### Exercise details
Look through the material below. Return exactly the lines from the one with "وأفادت مصادر محلية" through the one with "Das ovale Nähkästchen", both included.
::: Records :::
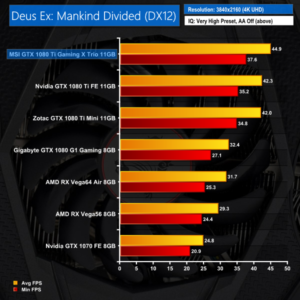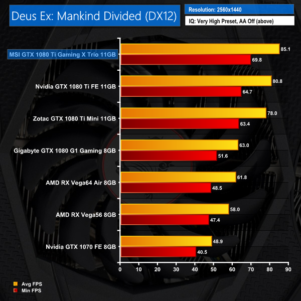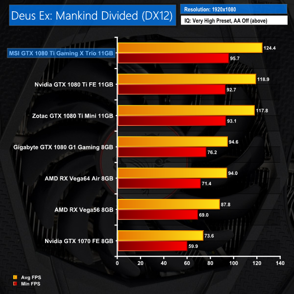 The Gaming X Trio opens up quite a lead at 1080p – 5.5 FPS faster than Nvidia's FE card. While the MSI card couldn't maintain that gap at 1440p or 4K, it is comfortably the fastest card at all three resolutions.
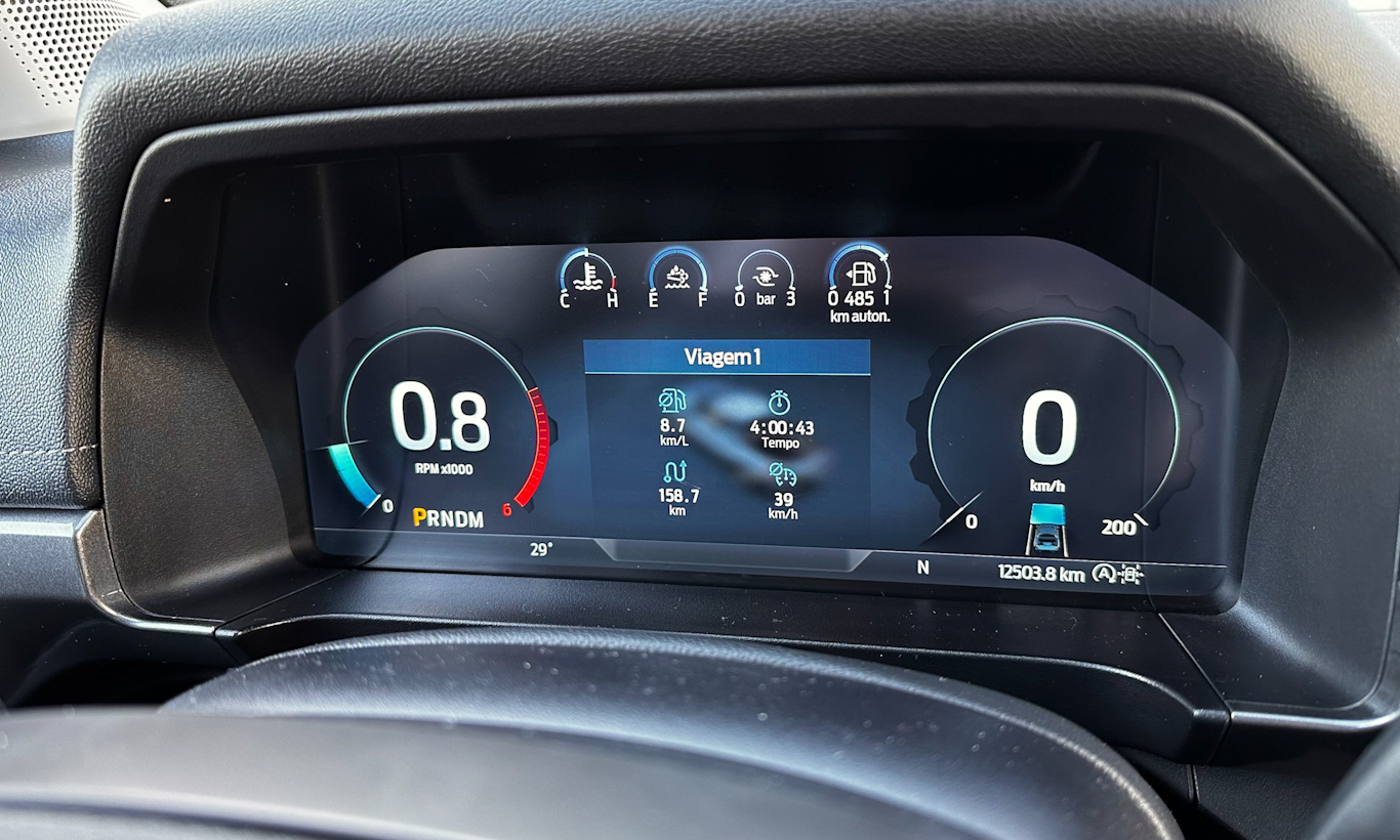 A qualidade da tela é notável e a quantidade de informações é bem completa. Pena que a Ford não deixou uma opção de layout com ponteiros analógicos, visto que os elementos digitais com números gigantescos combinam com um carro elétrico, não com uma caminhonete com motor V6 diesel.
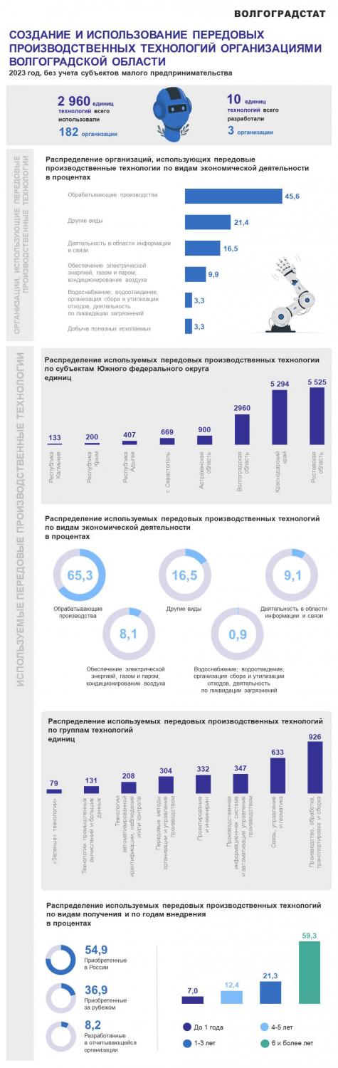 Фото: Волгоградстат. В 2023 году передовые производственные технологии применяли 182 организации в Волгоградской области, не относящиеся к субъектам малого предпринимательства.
:::
::: Records :::
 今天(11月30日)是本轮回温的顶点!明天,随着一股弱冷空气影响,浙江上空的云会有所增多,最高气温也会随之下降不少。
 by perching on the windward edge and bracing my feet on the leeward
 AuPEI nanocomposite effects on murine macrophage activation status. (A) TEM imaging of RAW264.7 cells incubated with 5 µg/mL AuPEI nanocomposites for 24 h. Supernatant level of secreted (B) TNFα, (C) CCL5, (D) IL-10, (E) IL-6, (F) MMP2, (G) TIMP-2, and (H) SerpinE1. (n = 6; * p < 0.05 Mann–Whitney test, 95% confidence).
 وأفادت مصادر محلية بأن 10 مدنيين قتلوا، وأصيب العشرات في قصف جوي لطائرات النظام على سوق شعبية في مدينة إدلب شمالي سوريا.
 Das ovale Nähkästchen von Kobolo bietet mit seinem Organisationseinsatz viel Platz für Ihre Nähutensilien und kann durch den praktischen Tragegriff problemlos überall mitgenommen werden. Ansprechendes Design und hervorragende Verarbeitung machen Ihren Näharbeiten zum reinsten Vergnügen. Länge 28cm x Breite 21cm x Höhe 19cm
:::
### Written response
 وأفادت مصادر محلية بأن 10 مدنيين قتلوا، وأصيب العشرات في قصف جوي لطائرات النظام على سوق شعبية في مدينة إدلب شمالي سوريا.
 Das ovale Nähkästchen von Kobolo bietet mit seinem Organisationseinsatz viel Platz für Ihre Nähutensilien und kann durch den praktischen Tragegriff problemlos überall mitgenommen werden. Ansprechendes Design und hervorragende Verarbeitung machen Ihren Näharbeiten zum reinsten Vergnügen. Länge 28cm x Breite 21cm x Höhe 19cm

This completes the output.